The appellant, Warren Paschal, was tried and convicted for an armed robbery and aggravated assault that occurred at a liquor store in Columbus, Georgia. At approximately 4:30 p.m. on January 10, 1986, having just returned from the bank with over $4,500, the liquor store manager was approached by a man wearing an army field jacket with a hood, possibly with a cap underneath. Wielding a pistol, the man demanded the money, and struck the manager with the pistol when he refused to hand it over. The manager then tossed the money into a nearby thicket, and the robber retrieved it and ran off. Behind the liquor store was a dirt road that also ran behind a service station located approximately 200 yards from the liquor store. Two service station employees observed the robber, along with another man driving, travelling hurriedly down the dirt road in a late-model silver/gray BMW with its tag covered by a rag. The appellant was arrested on other charges in April 1986 while driving a 1985 silver BMW that belonged to his girl friend, with whom he lived.
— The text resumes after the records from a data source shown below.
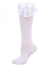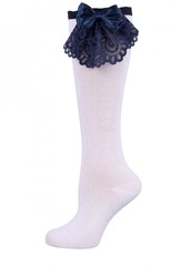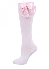 Гольфы для девочки, украшены бантом из кружева стрейч и атласной ленты. Предварительная стирка обязательна. Рекомендовано стирать вручную. Не гладить. 1пара в пакете.
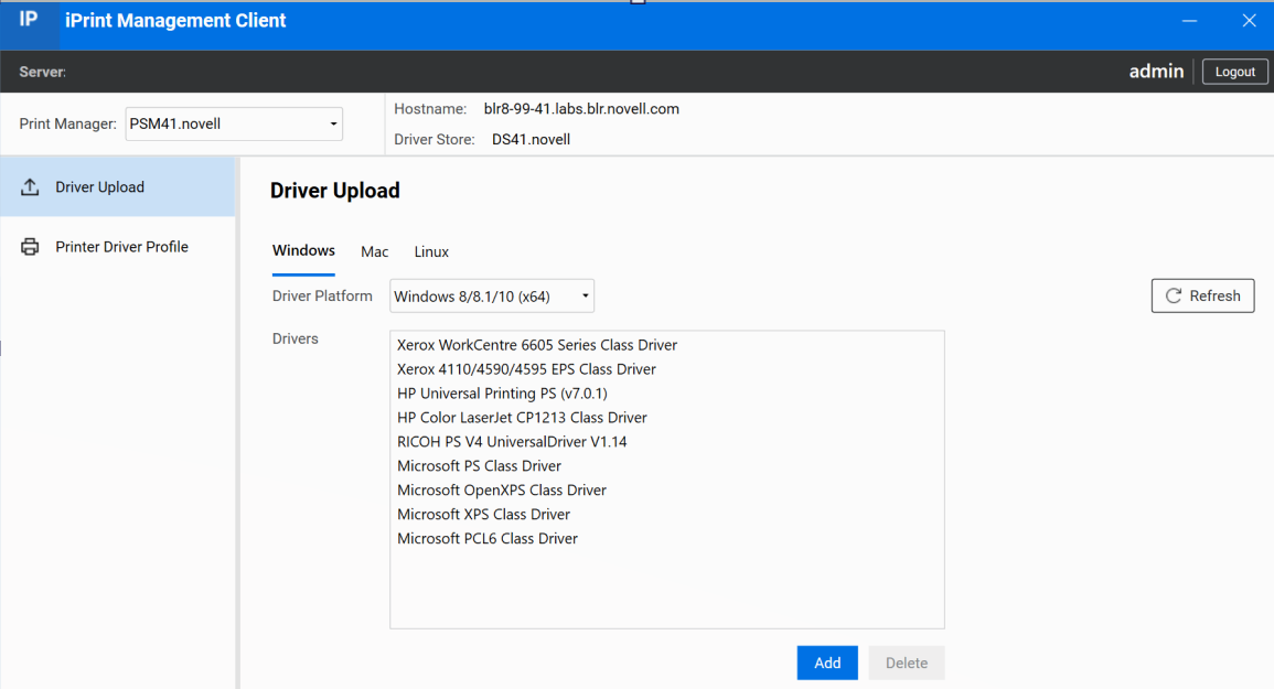 Click Add under the Driver pane, and the Add Printer Wizard with the available printer drivers is displayed. The drivers installed on your workstation are made available to be uploaded to the Driver Store. You can upload only drivers for the platforms installed on your workstation.
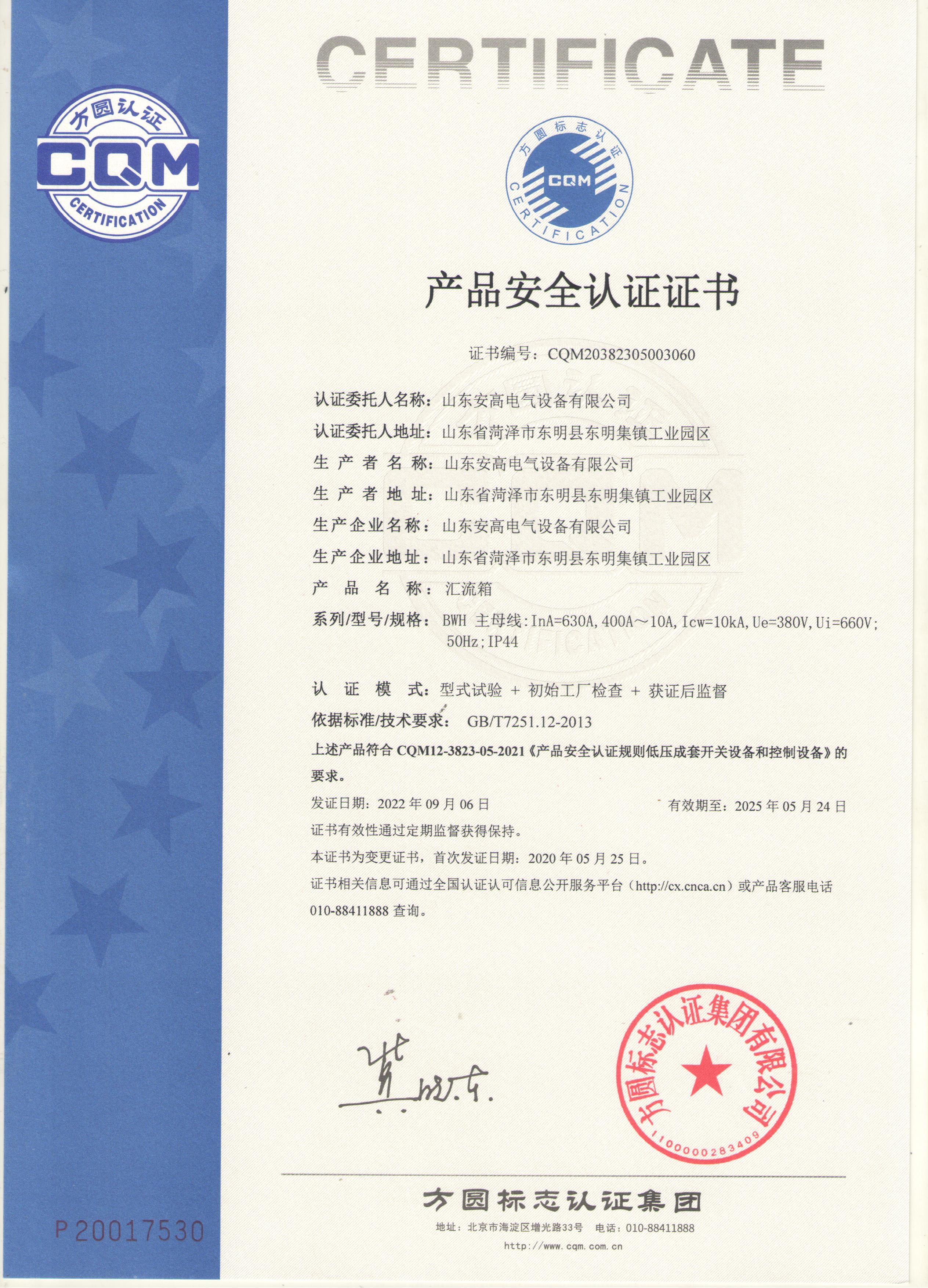 • 產品安全認證證書

A line-up subsequently was held, at which the liquor store manager immediately and positively identified the appellant as the man who had assaulted and robbed him. The service station employees were unable to identify the appellant positively.
At the trial, the liquor store manager once again positively identified the appellant, and the two service station employees testified that they were unable to identify him. The appellant presented an alibi defense that was corroborated by his girl friend and her daughter. Held:
1. The appellant contends that the fact that the two service station employees were unable to identify the appellant in line-ups should have been disclosed pursuant to his pre-trial Brady motion. Even assuming that this information could be classified as exculpatory, the testimony was adduced at trial, and it is clear that counsel for the appellant was aware of this information before the trial. No Brady violation resulted. See Bentley v. State, 178 Ga. App. 90 (342 SE2d 25) (1986)
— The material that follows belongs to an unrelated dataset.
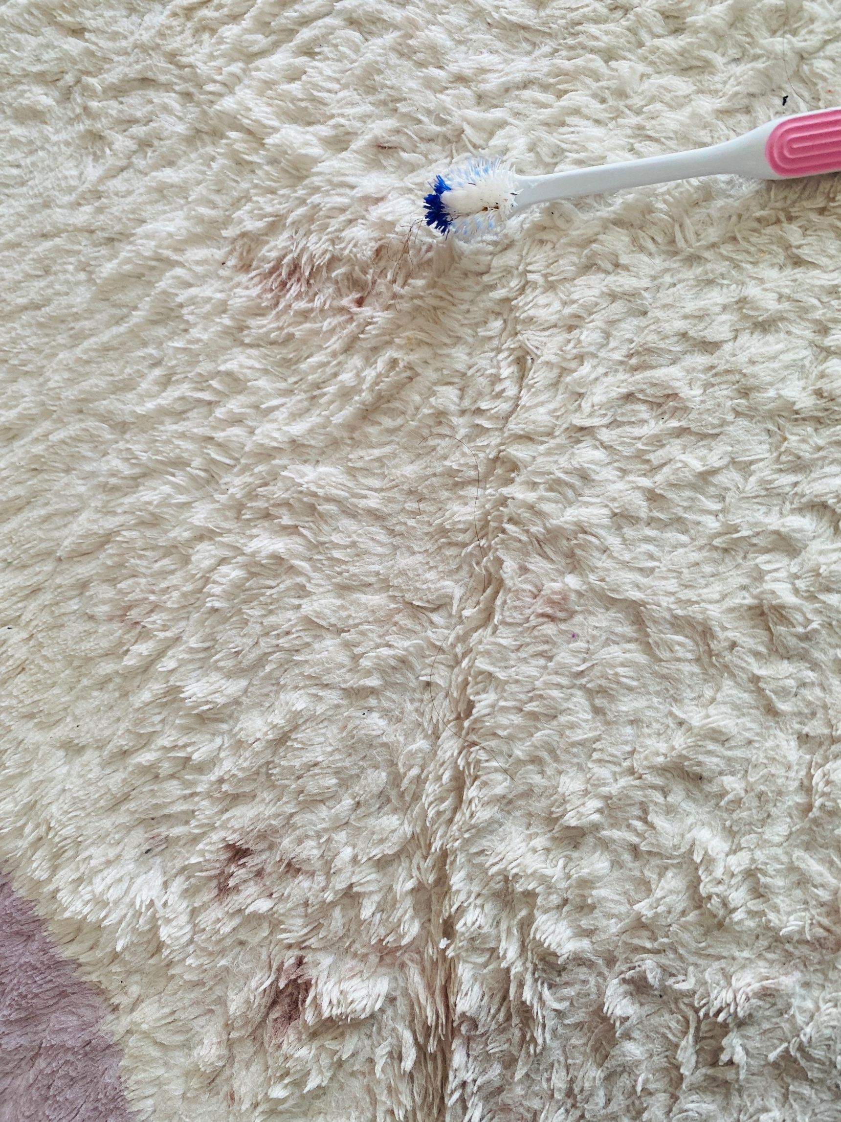 何のシミなのかは分かりませんが、洗剤をつけずに回転するように擦っていったら、汚れがかき出されたみたいで取れていきました。

2. During cross-examination of the appellant, the trial court over objection allowed the prosecutor to ask several times why the appellant had never mentioned his alibi defense to the police after his arrest but before the trial. This constituted harmful error, necessitating a new trial. Clark v. State, 237 Ga. 901 (1) (230 SE2d 277) (1976)
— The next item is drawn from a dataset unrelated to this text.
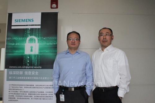 唐文,西門子中國研究院信息安全部核心技術(shù)專家;右,王濤,西門子自動化系統(tǒng)部產(chǎn)品管理部部門經(jīng)理

. Compare Alderman v. State, 241 Ga. 496 (246 SE2d 642) (1978)
3. The appellant's arrest actually resulted from the suspicious nature of one witness who had observed the appellant in the BMW parked in front of a bank several times in April 1986, and contaCted the police about this possible "casing." When the officers responding to this witness' call stopped the BMW, one officer was aware of outstanding warrants against the appellant unrelated to the incident of January 10, 1986, and the appellant was arrested.
During opening statement the prosecutor remarked that the appellant was arrested pursuant to two other arrest warrants outstanding on him unrelated to this case. Counsel for the appellant objected and moved for mistrial, which was denied by the trial court, although the jury was instructed not to consider the fact that the appellant had been charged with other crimes. Evidence of the circumstances of the appellant's arrest was admissible, Sims v. State, 180 Ga. App. 537 (349 SE2d 783) (1986)
, and the prosecutor's reference to those circumstances thus was not ground for mistrial.
4. The appellant also Contends that the evidence was insufficient to support the conviction. However, viewing the evidence in the light most favorable to the verdict, it authorized a rational trier of fact to find the appellant guilty beyond a reasonable doubt of the offenses charged. Jackson v. Virginia, 443 U. S. 307 (99 SC 2781, 61 LE2d 560) (1979).
William J. Smith, District Attorney, Bradford R. Pierce, Assistant District Attorney, for appellee.